The afternoon that Neil Davidow and Mort Baker went to the Married Men’s Ball, Margie Davidow and Helen and Bert Sinclair took a streetcar downtown to the center of the city. There were handles along the outside of the streetcar and a narrow running board to stand on when all the seats were occupied. The Sinclairs and Margie stood along this running board, pressed against the side of the trolley, squinting happily against the wind, drawing back whenever cars whizzed along too close beside them, Helen and Margie laughing nervously when the streetcar shot through the tunnel. There was a colored samba band on the streetcar, playing the whole time, and whenever the car stopped for a traffic light the people clinging to the outside would jump off and dance in the streets, running to jump back on again when the car started to move. Children standing on the sidewalk aimed their water pistols and
lança perfumas
at the passengers on the outside, and the passengers shook their fists at them.

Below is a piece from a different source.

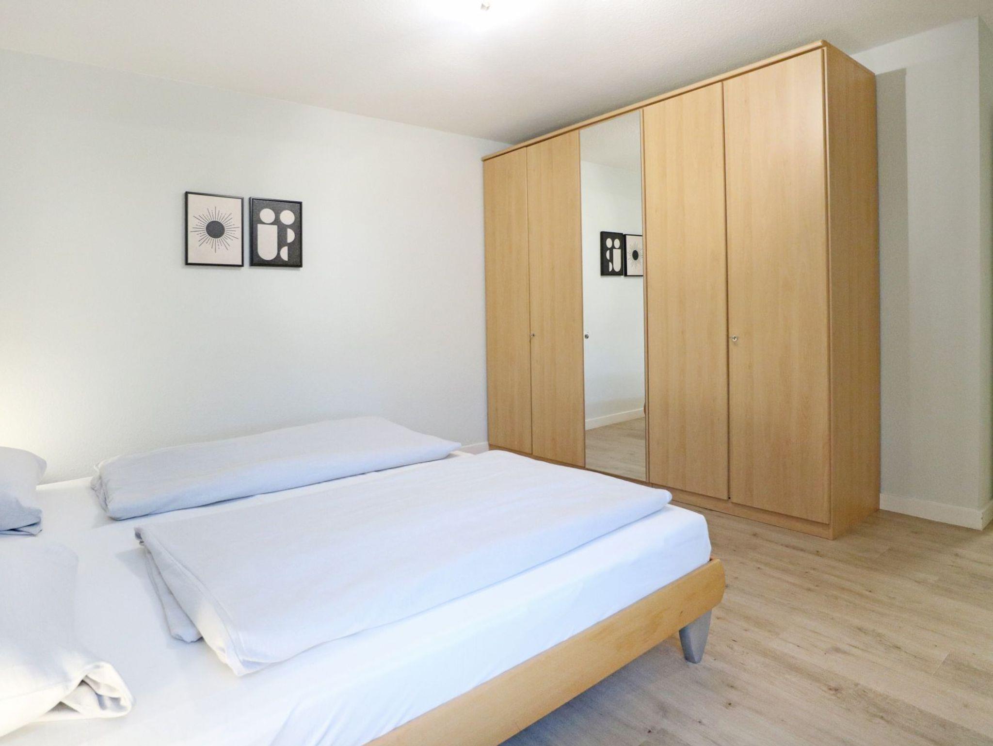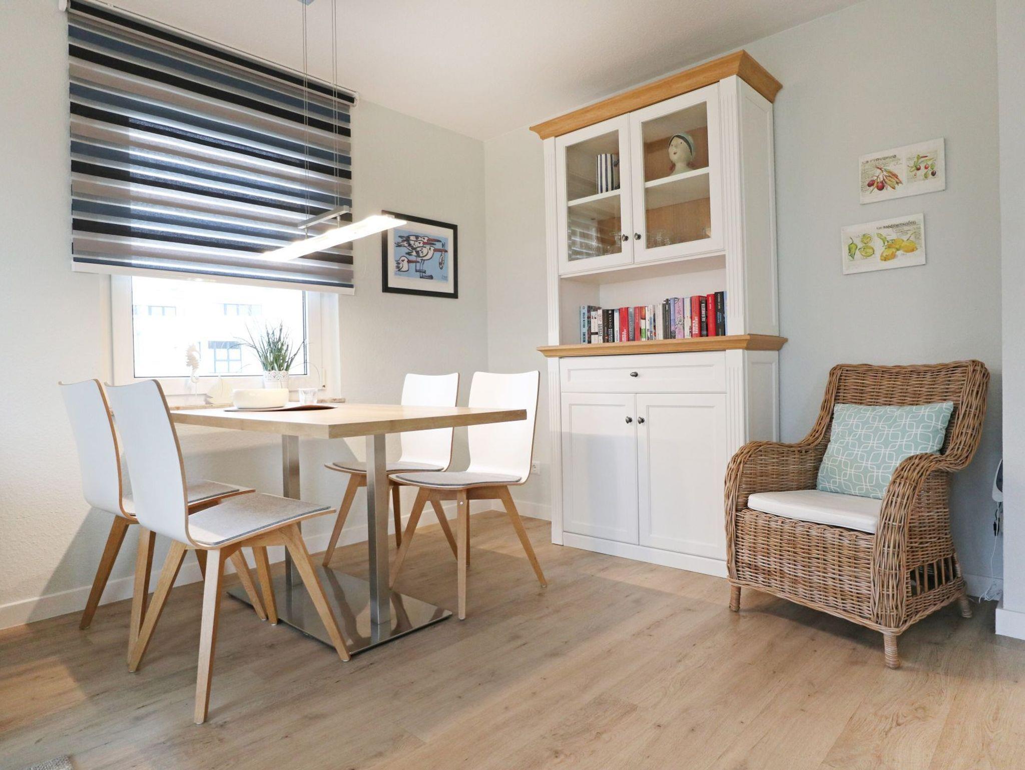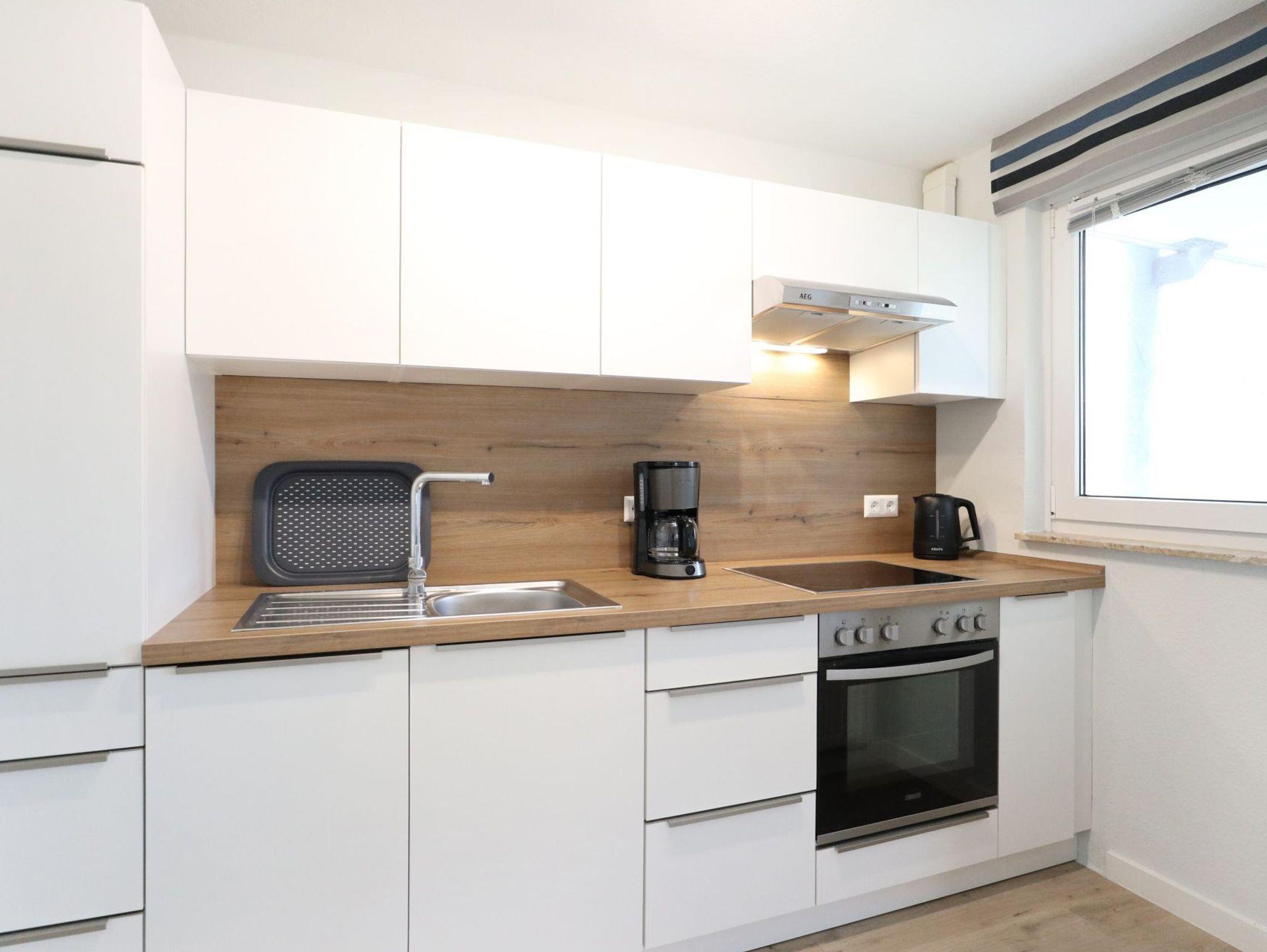 Modernes Nichtraucherappartement für bis zu 4 Personen mit einer Wohnfläche von 52qm. Sonniger Balkon in Süd-West Ausrichtung. Die Möblierung ist im jungen Design gehalten und bietet ein ausziehbares Sofa mit zwei zusätzlichen Schlafgelegenheiten ? 1,60 x 2,00 - zwei Sessel, Beistelltisch, Esstisch, Fernseher, Musikanlage und kostenfreies WLAN. Die gut ausgestattete, integrierte Küchenzeile ist vom Wohnzimmer leicht getrennt - Ceranfeldherd, Backofen, Dunstabzug, Geschirrspüler sowie Kleingeräte wie Kaffeemaschine u.s.w. sind selbstverständlich auch vorhanden. In dem separaten Schlafzimmer mit Doppelbett steht zudem ein Kleiderschrank für Ihre Garderobe bereit. Das Duschbad mit WC ist hell gefliest. Für Ihren PKW ist ein kostenfreier Stellplatz reserviert und auch ein Fahrradabstellraum gehört zum Angebot. Bitte beachten Sie, dass es sich um eine Nichtraucher Wohnung handelt, in der Haustiere nicht erlaubt sind. Einkaufsmöglichkeiten befinden sich in naher Umgebung.

On the sidewalk an elderly man dressed as a Bahiana, with rouged cheeks, flounced quickly along, swishing his ruffled skirts, his head held high, looking neither to left nor right, anticipating taunts and yells and pretending to ignore them. The ice-cream vendors were out in full force, and there were stands set up along the street where men sold hot foods. In some streets there was no traffic at all, only people strolling or dancing or gaping at the others. Some of the people had been out in the street for three days without stopping to sleep.

Some people slept, sometimes. They went to bed at half past eight in the morning when the sun was bright and other people were soaking out hangovers on the beach. They slept fitfully in hot, darkened rooms, the air faintly perfumed from their damp, ether-soaked costumes that had been dropped on the floor or flung across chairs. They awoke to twilight, or to nighttime dark, breakfasting at dinner time, feeling like inhabitants of a nightmare world, putting on their soiled costumes again—or perhaps new, more imaginative costumes—and setting out for another ball.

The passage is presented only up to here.